RG is not $\kappa$-stable for all $\kappa$

Question

I am trying to show for my home work that the theory of random graphs RG, is not $\kappa$-stable for every $\kappa$ i.e If $M\vDash RG$ and $A\subseteq |M|$ with $|A|\le\kappa$ then $S_1(A)\le\kappa$

I tried to build a $\kappa$-tree with $2^{\kappa}$ branches of consistent formulas,but i get stuck at the limit ordinal stage, and so i manage to do that only for $\kappa =\omega$

It must have something to do with the fact that there are $\kappa$ many finite subsets for $A\subseteq |M|$ with $|A|=\kappa$, and for each pair of such sets we can fined a member of $|M|$ that is in relation with all members of one of them, and is not in relation with any of the other set members.
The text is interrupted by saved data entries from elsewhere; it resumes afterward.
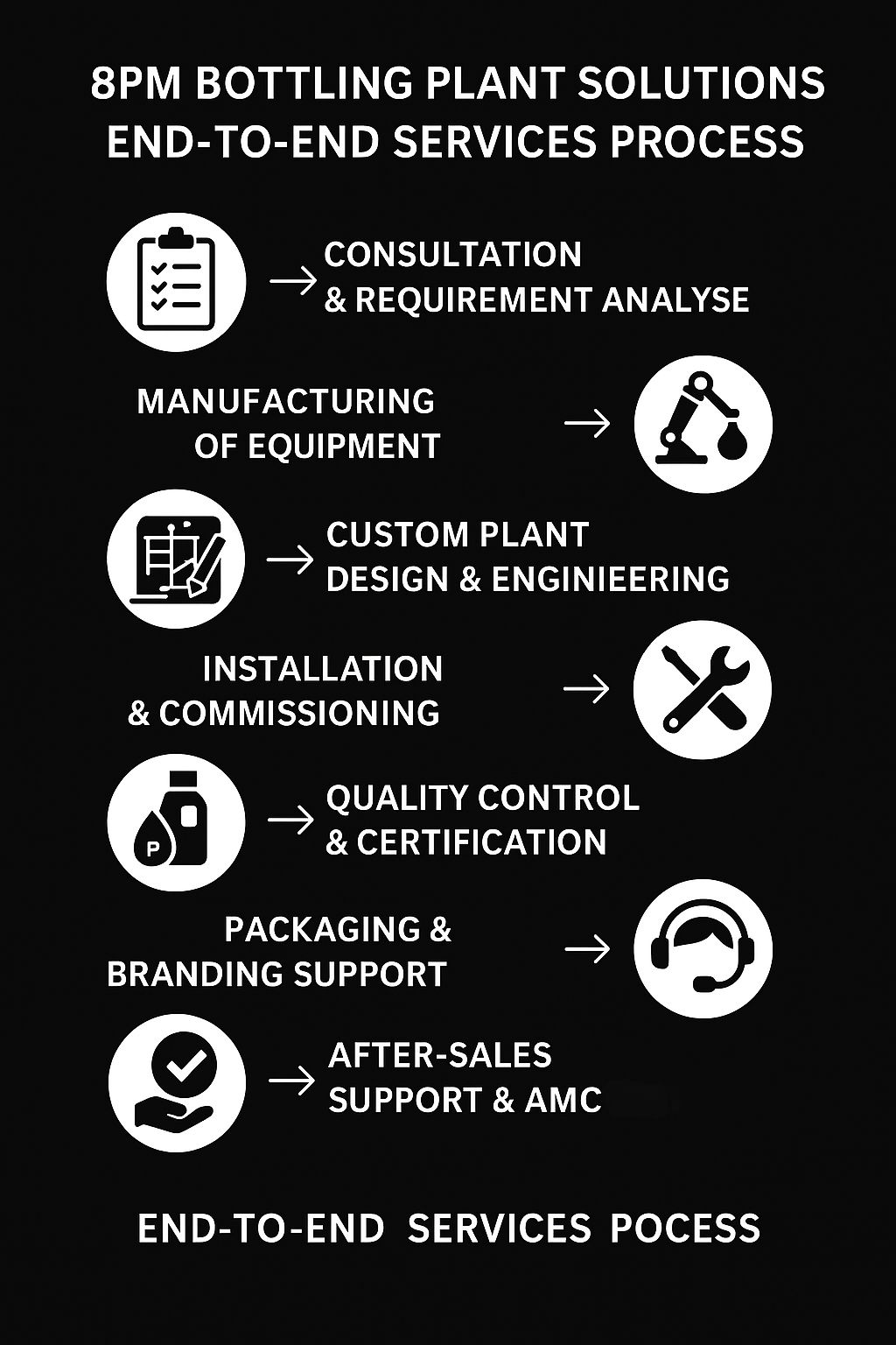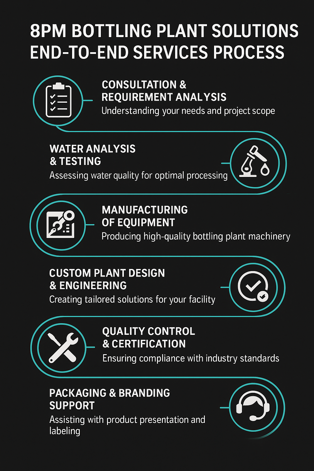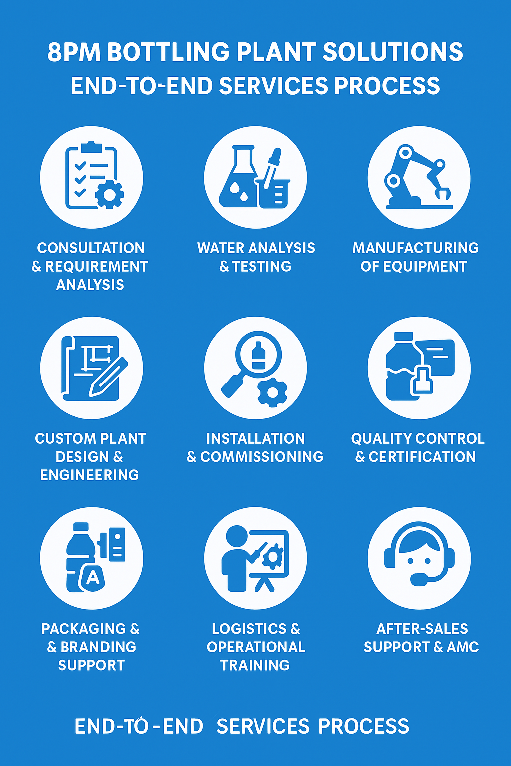 At 8PM, we provide complete turnkey solutions for water and soda bottling plants—starting from consultation and water testing, to custom plant design, high-performance equipment manufacturing, seamless installation, and automation. Our expertise covers everything from quality control to packaging and logistics, ensuring your production is smooth, efficient, and future-ready. With a strong focus on quality, innovation, and customer satisfaction, we empower businesses to grow with confidence and deliver purity in every bottle.
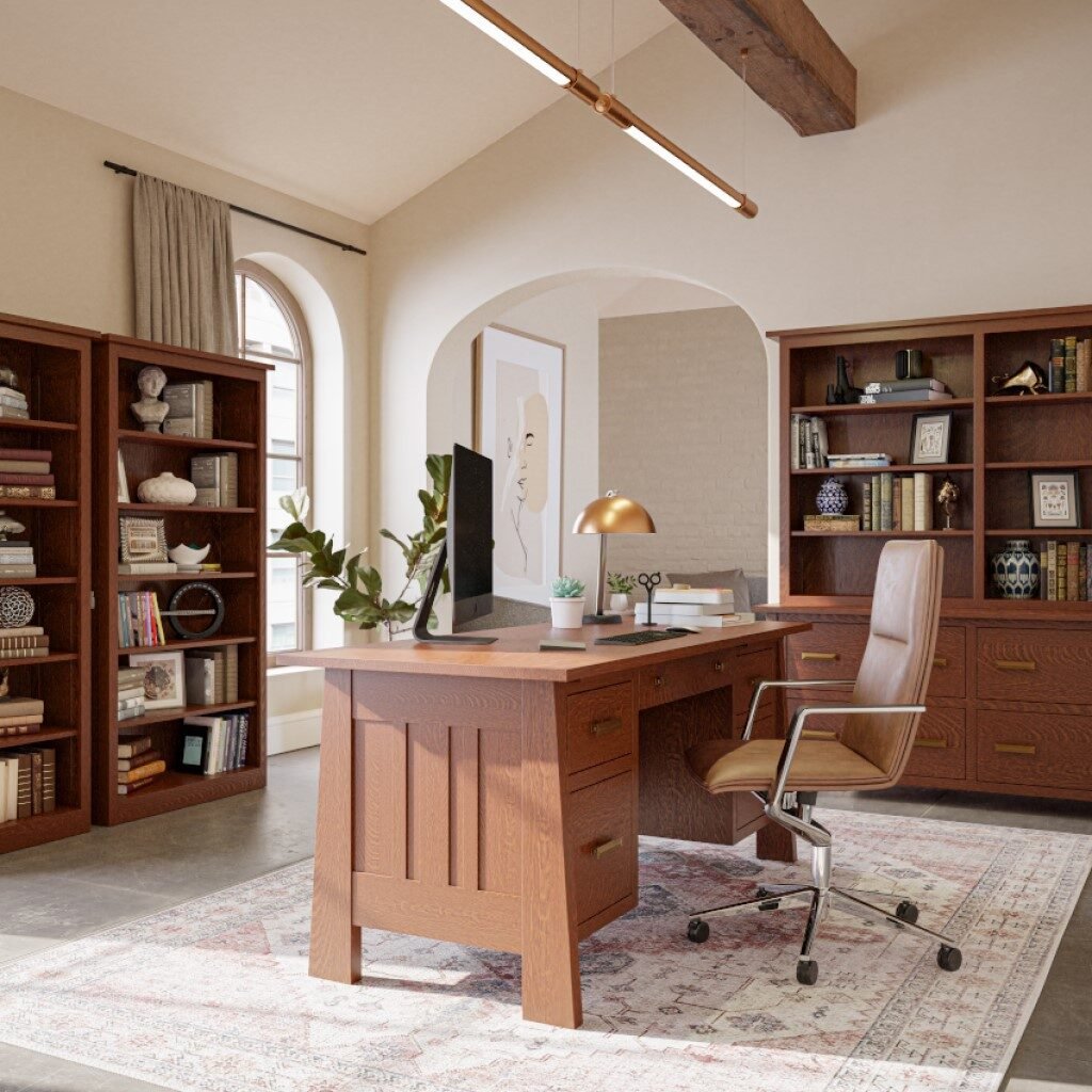 All our furniture is built from 100% domestically sourced solid wood by Amish craftsman in the American Midwest. Wood options include Oak, Brown Maple, Hard Maple, Cherry, Hickory, Elm, Quarter Sawn White Oak, Walnut, and rustic varieties. Each piece is designed to last generations and comes with a lifetime warranty.
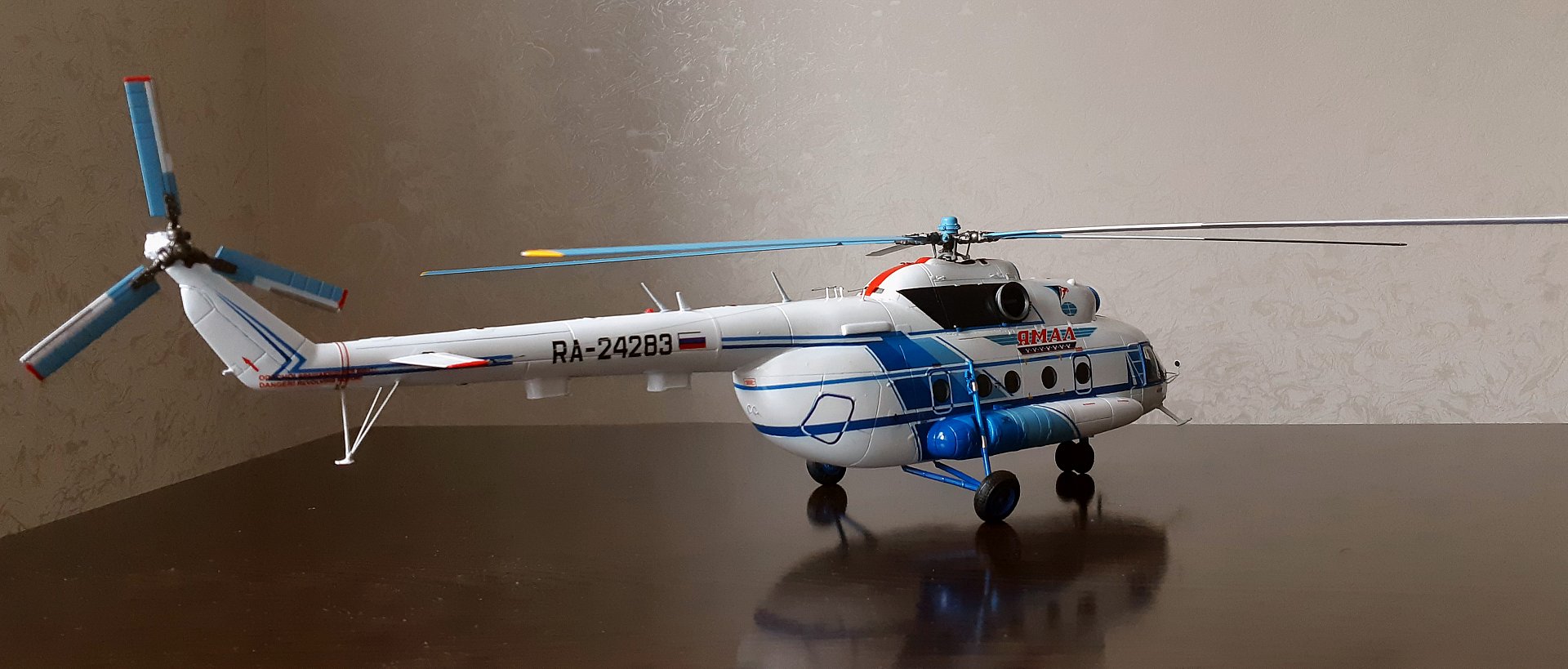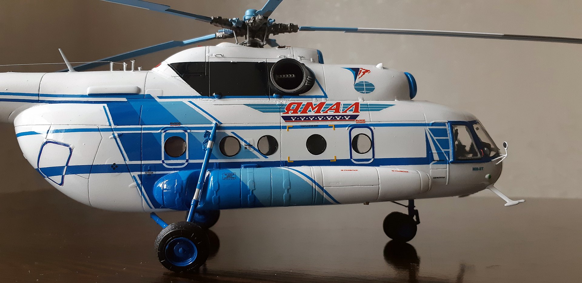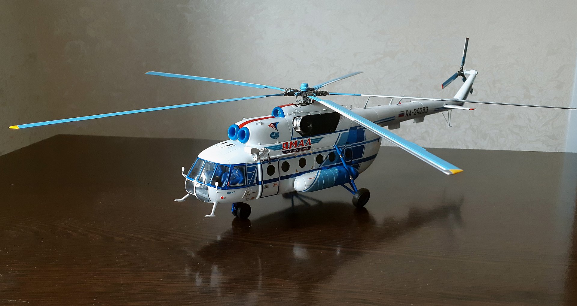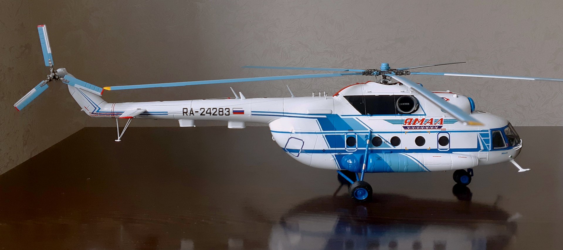Доброго времени суток коллеги! Сегодня решил представить Вашему вниманию модель вертолета МИ-8Т а/к ЯМАЛ в масштабе 1:48, изготовленную на заказ из смолы, с применением пластиковых элементов и комплектующуюся подставкой и кейсом для транспортировки.

But i need help to formalise it.

thanks a head

Answer 1

So i think iv got this:

Let $M$ be a model of $RG$ of infinite cardinality $\kappa$ . We will note that given a partition of $M$ in to pairs of size less then $n>0$ sets $\left\{ A_{i},B_{i}\right\} _{i\in I}$ , if we define $\varphi_{A_{i},B_{i}}(x)$ to be the statement “$x$ is in relation with all members of $A_{i}$ and with non of the members of $B_{i}$ ” then a set of boolean combination that uses $\varphi_{A_{i},B_{i}}$ at most once, is finitely realizable in $M$ . (since $M\vDash RG$ ) Thus there are at least $2^{|I|}$ types in $S_{1}\left(M\right)$ and since it must be that $\left|I\right|\ge\kappa$ then $S_{1}\left(M\right)>\kappa$ and we are done. i.e $RG$ is not $\kappa$ -stable for any infinite $\kappa$ $ \square$

Answer 2

If you have talked about the order property (Assume you are working inside a monster model. $\varphi(x,y)$ has the OP iff there exists $(a_{i})_{i<\omega}$ and $(b_{i})_{i<\omega}$ s.t. $\models{\varphi(a_{i},b_{j})}$ iff $i<j$), and the fact that a theory is unstable iff there exists a model $M$ and a $L$ formula witnessing the order property inside of $M$, then you can finish this problem by showing that the formula $E(x,y)$ has the OP (.).

If not, you probably need to mine the ideas found in the proof of the above statement. The proof that OP implies unstable is usually pretty straight forward, though the other direction of the theorem is very involved. The problem is, authors usually prove a bunch of equivalent statements in one go, so mining exactly the ideas you need for this can be a little tricky.

Edit 1: As an alternate, if you have talked about the connections between ranks and stability, you should be able to show that $R^{E(x,y)}(z=z)$ is $\geq{\omega}$, which in turn implies that $S_{E(x,y)}(A)$ has cardinality $>\kappa$ for any cardinal $\kappa$. Thinking on it further this is probably the shortest way. These facts should be there in pretty much any book that is dedicated to stability theory. I would recommend glancing at Cassanova's text "Simple Theories and Hyper Imaginaries". The second chapter should have what you need in very concise form.